Additional Comments on the Virginia Case

After reading Judge Hudson’s opinion, I’ve come to the inescapable conclusion, in which the judge himself concurs, that this question will reach the United States Supreme Court before a dispositive ruling occurs. If the limits of the commerce clause are infinite, this means that we have no constitutional limitations at all, but only the self-restraint of those who govern. This was made abundantly clear through the means by which the Patient Protection and Affordable Care Act (aka Obamacare) became law.
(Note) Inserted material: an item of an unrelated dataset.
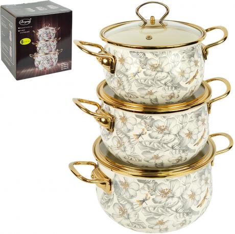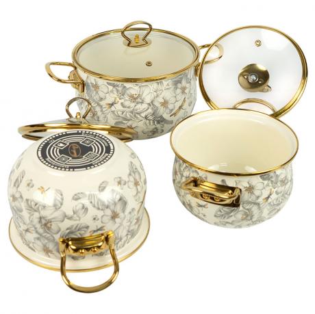 Набор эмалированных кастрюль 3шт с крышками D18/20/22см 7043-8

In the face of serious doubts by a demonstratively large portion of the population, and the unanimous opposition of the current minority party, a bill not understood, or even read, by most of our lawmakers was passed by a procedural maneuver that makes a mockery of careful and deliberate legislation. The challenges by the various states like Virginia and Missouri may not prevail before our highest court. For the past 70+ years the court has been generally deferential to the findings and will of Congress. The 1942 Wickard v. Filburn case stretched the commerce clause beyond any theoretical bounds. The current Supreme Court, or should I say the Supreme Court before the addition of the two most recent justices (who probably make no discernible ideological difference), had an opportunity to rein in the impact of Wickard in Gonzales v. Raich (the medical marijuana case) and declined to do it, led by, of all people, Justice Scalia. Admittedly, that was one of those cases in which bad facts made bad law – I’m sure the very prospect of legalizing the drug like marijuana shook Scalia’s sensibilities to their core. Nevertheless, if there is any limit to Congress’s power under the commerce clause, it certainly must include the proscription of forcing individuals to engage in commercial activity. If it does not we have no limited government; we have the modern day equivalent of the Divine Right of Kings.